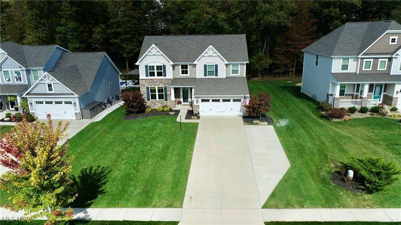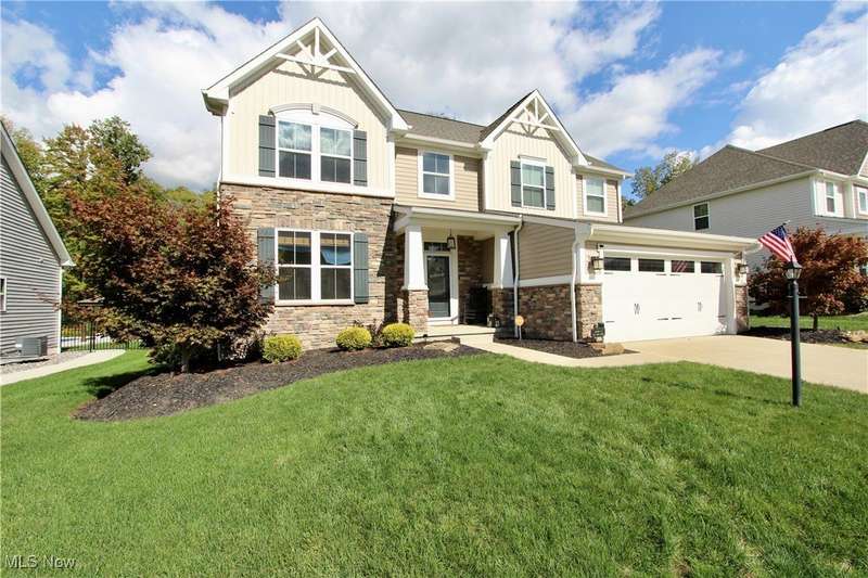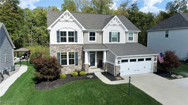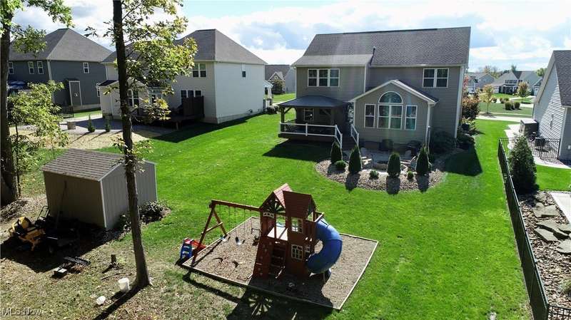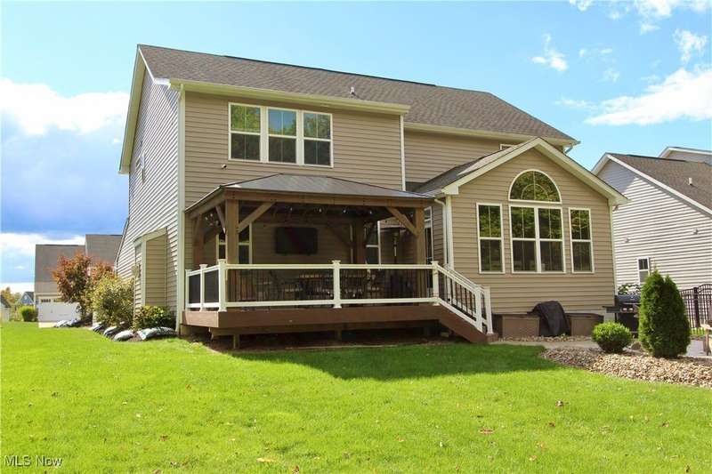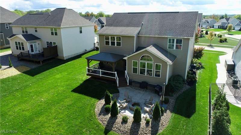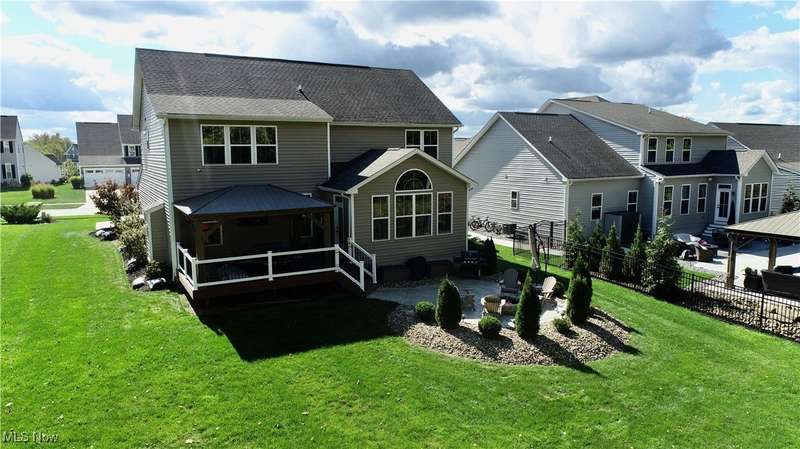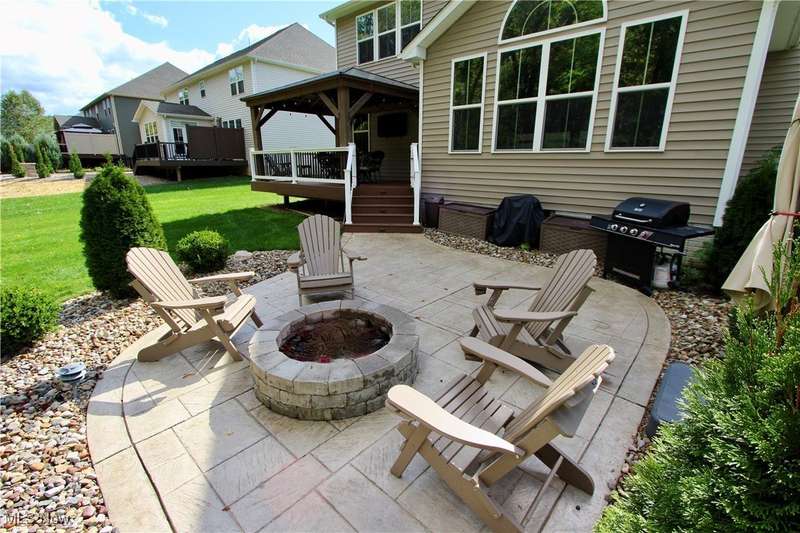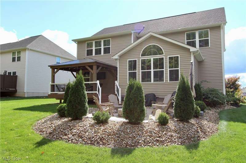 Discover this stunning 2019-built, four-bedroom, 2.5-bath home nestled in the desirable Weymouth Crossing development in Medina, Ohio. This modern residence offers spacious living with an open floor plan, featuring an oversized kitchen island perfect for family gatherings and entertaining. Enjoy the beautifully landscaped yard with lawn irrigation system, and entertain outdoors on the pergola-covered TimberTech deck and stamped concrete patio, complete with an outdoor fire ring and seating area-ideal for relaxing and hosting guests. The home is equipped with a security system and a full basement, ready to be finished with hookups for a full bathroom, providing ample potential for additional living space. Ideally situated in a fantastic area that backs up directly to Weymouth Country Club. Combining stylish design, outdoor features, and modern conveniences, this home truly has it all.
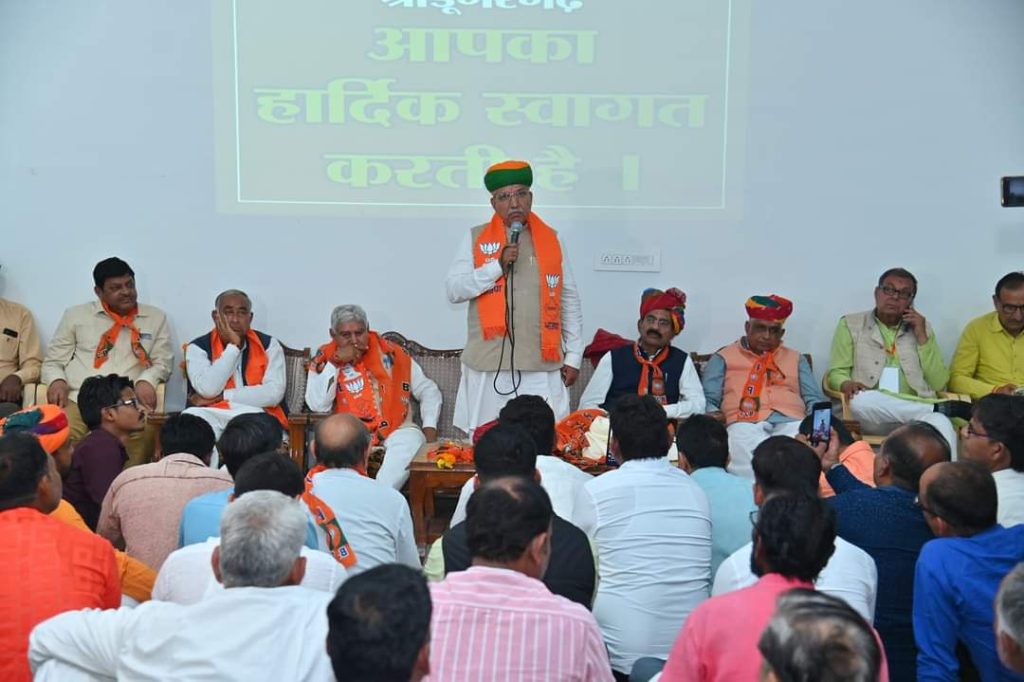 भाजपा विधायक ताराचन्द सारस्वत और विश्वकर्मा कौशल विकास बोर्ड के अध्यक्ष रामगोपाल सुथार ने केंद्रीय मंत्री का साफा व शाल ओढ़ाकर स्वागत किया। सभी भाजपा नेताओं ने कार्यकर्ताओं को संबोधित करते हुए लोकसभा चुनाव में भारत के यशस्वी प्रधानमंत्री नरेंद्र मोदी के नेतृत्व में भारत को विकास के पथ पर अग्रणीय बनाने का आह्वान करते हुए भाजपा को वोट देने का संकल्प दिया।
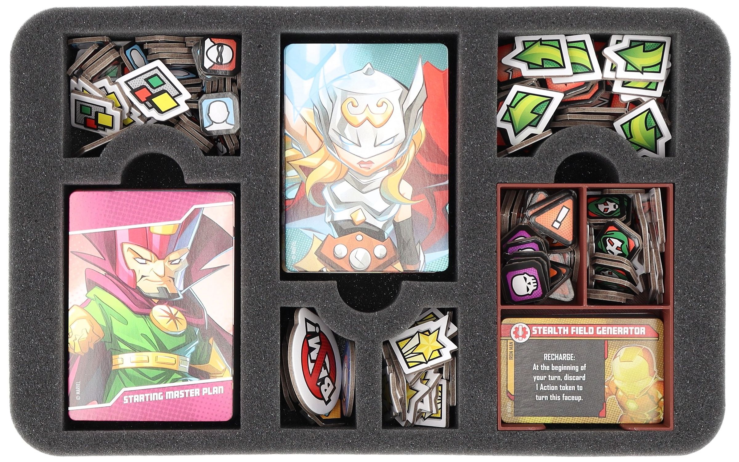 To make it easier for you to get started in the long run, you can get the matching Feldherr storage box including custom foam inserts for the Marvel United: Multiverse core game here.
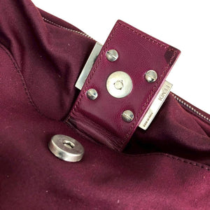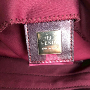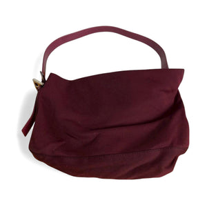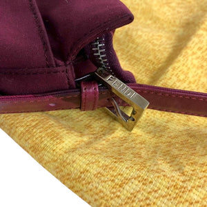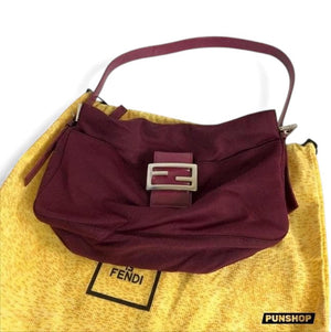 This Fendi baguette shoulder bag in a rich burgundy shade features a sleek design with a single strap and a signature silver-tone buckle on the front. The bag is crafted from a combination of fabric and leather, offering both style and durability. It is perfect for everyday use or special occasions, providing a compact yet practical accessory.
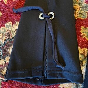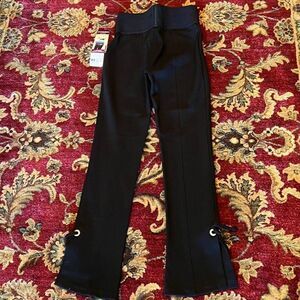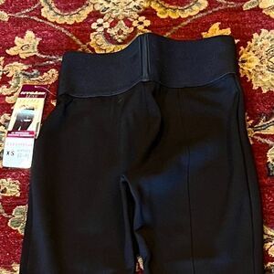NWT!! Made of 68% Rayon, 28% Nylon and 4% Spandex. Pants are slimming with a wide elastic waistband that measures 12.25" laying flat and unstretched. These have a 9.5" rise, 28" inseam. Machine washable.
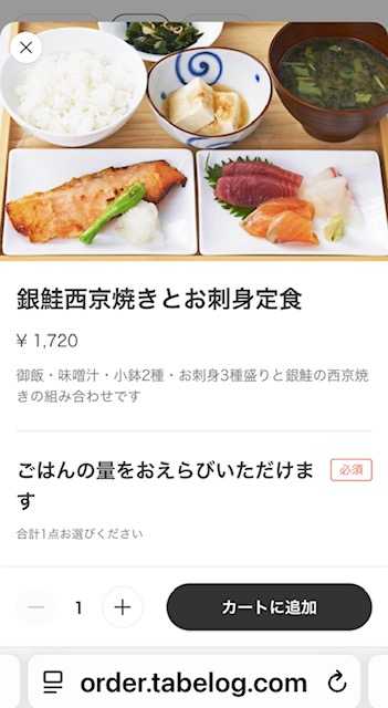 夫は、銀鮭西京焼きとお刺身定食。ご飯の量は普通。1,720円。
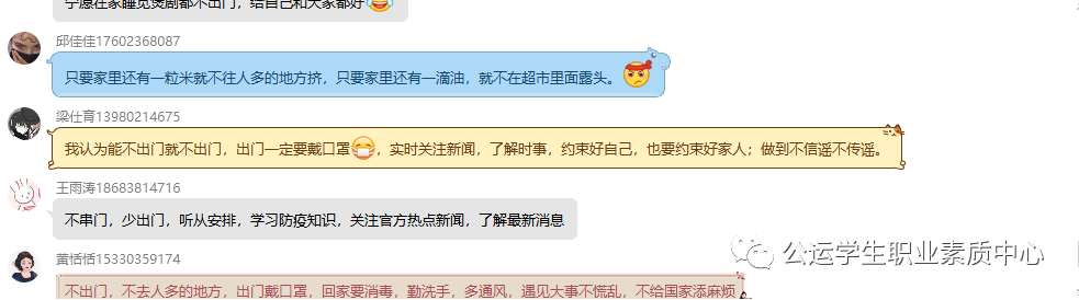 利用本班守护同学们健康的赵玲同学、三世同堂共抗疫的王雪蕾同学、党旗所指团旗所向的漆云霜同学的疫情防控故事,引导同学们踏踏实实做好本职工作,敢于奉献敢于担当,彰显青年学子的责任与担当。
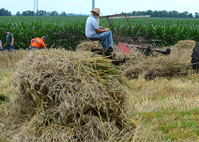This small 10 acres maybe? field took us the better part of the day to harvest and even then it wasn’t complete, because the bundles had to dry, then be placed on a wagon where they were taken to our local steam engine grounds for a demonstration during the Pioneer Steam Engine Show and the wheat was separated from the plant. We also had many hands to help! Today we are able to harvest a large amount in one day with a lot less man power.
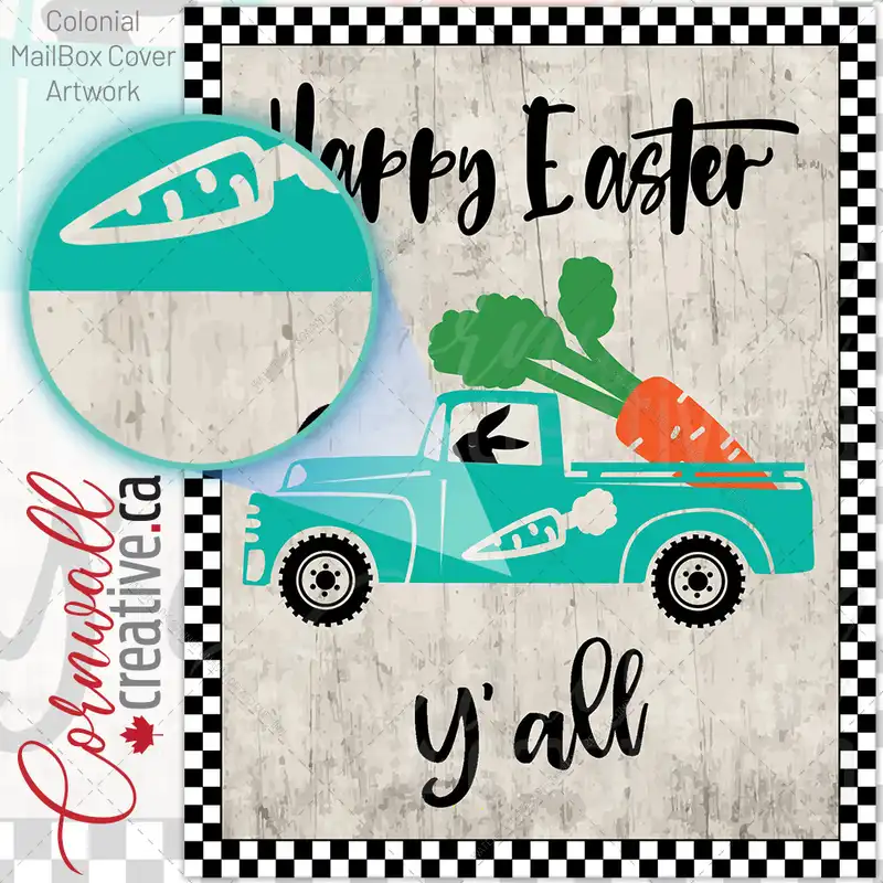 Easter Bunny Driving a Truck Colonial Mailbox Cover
|---|
BRIEF: All entries should be reproduced exactly; no picture belongs in the result.

TASK RESPONSE:
 Discover this stunning 2019-built, four-bedroom, 2.5-bath home nestled in the desirable Weymouth Crossing development in Medina, Ohio. This modern residence offers spacious living with an open floor plan, featuring an oversized kitchen island perfect for family gatherings and entertaining. Enjoy the beautifully landscaped yard with lawn irrigation system, and entertain outdoors on the pergola-covered TimberTech deck and stamped concrete patio, complete with an outdoor fire ring and seating area-ideal for relaxing and hosting guests. The home is equipped with a security system and a full basement, ready to be finished with hookups for a full bathroom, providing ample potential for additional living space. Ideally situated in a fantastic area that backs up directly to Weymouth Country Club. Combining stylish design, outdoor features, and modern conveniences, this home truly has it all.
 भाजपा विधायक ताराचन्द सारस्वत और विश्वकर्मा कौशल विकास बोर्ड के अध्यक्ष रामगोपाल सुथार ने केंद्रीय मंत्री का साफा व शाल ओढ़ाकर स्वागत किया। सभी भाजपा नेताओं ने कार्यकर्ताओं को संबोधित करते हुए लोकसभा चुनाव में भारत के यशस्वी प्रधानमंत्री नरेंद्र मोदी के नेतृत्व में भारत को विकास के पथ पर अग्रणीय बनाने का आह्वान करते हुए भाजपा को वोट देने का संकल्प दिया।
 To make it easier for you to get started in the long run, you can get the matching Feldherr storage box including custom foam inserts for the Marvel United: Multiverse core game here.
 This Fendi baguette shoulder bag in a rich burgundy shade features a sleek design with a single strap and a signature silver-tone buckle on the front. The bag is crafted from a combination of fabric and leather, offering both style and durability. It is perfect for everyday use or special occasions, providing a compact yet practical accessory.
NWT!! Made of 68% Rayon, 28% Nylon and 4% Spandex. Pants are slimming with a wide elastic waistband that measures 12.25" laying flat and unstretched. These have a 9.5" rise, 28" inseam. Machine washable.
 夫は、銀鮭西京焼きとお刺身定食。ご飯の量は普通。1,720円。
 利用本班守护同学们健康的赵玲同学、三世同堂共抗疫的王雪蕾同学、党旗所指团旗所向的漆云霜同学的疫情防控故事,引导同学们踏踏实实做好本职工作,敢于奉献敢于担当,彰显青年学子的责任与担当。
This small 10 acres maybe? field took us the better part of the day to harvest and even then it wasn’t complete, because the bundles had to dry, then be placed on a wagon where they were taken to our local steam engine grounds for a demonstration during the Pioneer Steam Engine Show and the wheat was separated from the plant. We also had many hands to help! Today we are able to harvest a large amount in one day with a lot less man power.
 Easter Bunny Driving a Truck Colonial Mailbox Cover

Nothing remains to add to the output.